10 ways to prevent back pain #6 Increase Thoracic Spine Mobility Our low back (lumbar spine) is stuck in between our hips and our thoracic spine (upper back/ribs). If we lack motion at our hips or in our upper back it puts a ton of extra stress on the lower back. In particular, as we age we lose hip mobility and thoracic spine extension. In our first blog post we talked about the importance of hip mobility for preventing back pain. Our body is an assembly line of joints and muscles, if one person isn’t doing their job the
others have to work even harder. When we cant extend or bend back through the upper back, the low back ends up having to overwork. This creates extra bending and torsion in the low back. The more mobile the upper back is the less twisting and bending the low back will have to do. To help improve your thoracic spine mobility and take stress off your low back, neck, and shoulders try these exercises.
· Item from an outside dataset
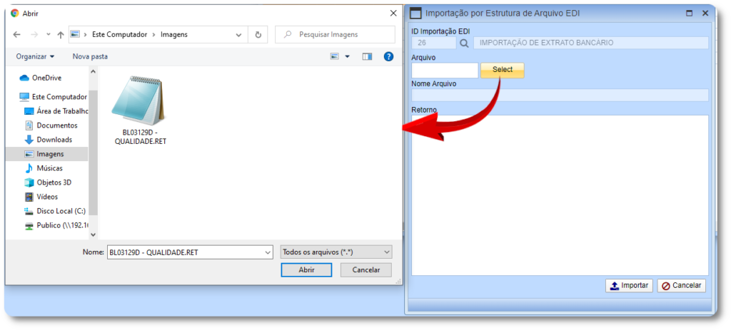 2.2 Ao apresentar a tela “Importação por Estrutura de Arquivo EDI” pressione o botão Select e escolha o arquivo de importação, de acordo com o tipo de importação selecionado anteriormente.
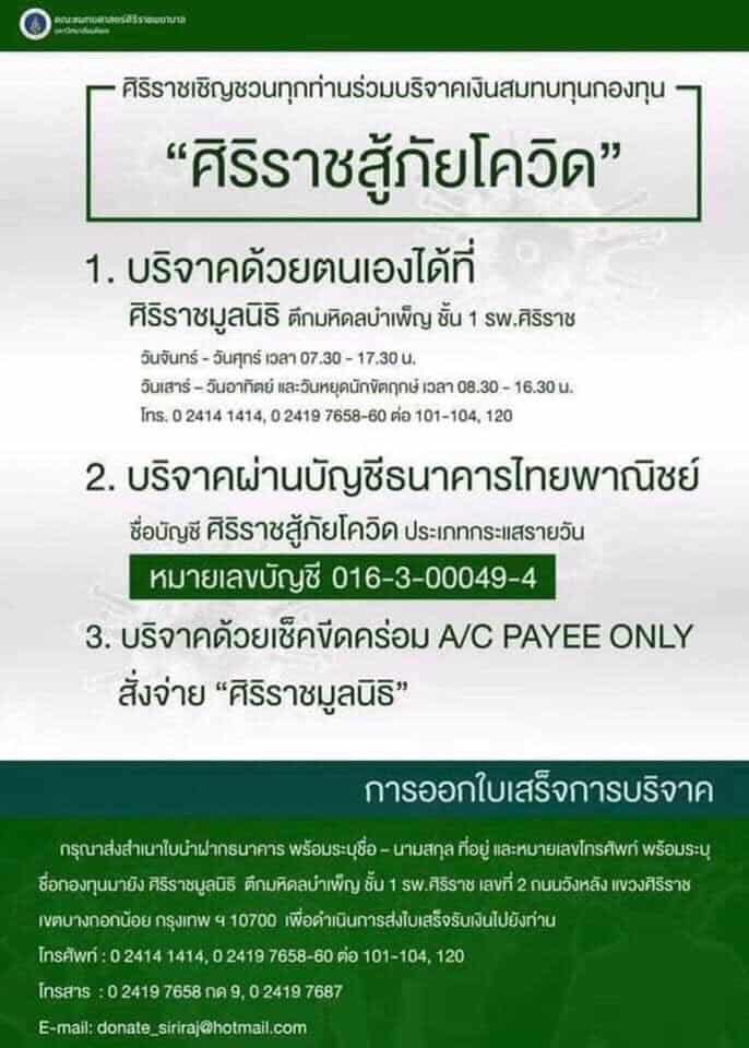 วันเสาร์ – อาทิตย์ วันหยุดนักขัตฤกษ์ เวลา 08.30 – 16.30 น. - ธนาคารไทยพาณิชย์ ชื่อบัญชี “ศิริราชสู้ภัยโควิด” ประเภทกระแสรายวัน

Foam rolling for the Upper Back
Seated upper back extensions. This is a great exercise to do at work or when sitting for long periods. Make sure to get up and move around as well. Try some of the other stretches and exercises mentioned in this blog to break up your long periods of sitting.
Make sure to be aware of your general posture. If you are always slumped over or bent forward you will continue to lose thoracic spine mobility and put more stress on your low back, neck, and shoulder.
Breathing plays a huge role in thoracic spine mobility. An upper chest dominant breathing pattern leads to have a must stiffer thoracic spine and rib cage than a nice diaphragmatic breath pattern. Refer to our previous post on proper breathing for pain relief.
Hope you enjoyed the blog and see you next week. Until then foam roll that back and try some upper back extensions in your work chair.
-Dr. Ryan Dunn D.C.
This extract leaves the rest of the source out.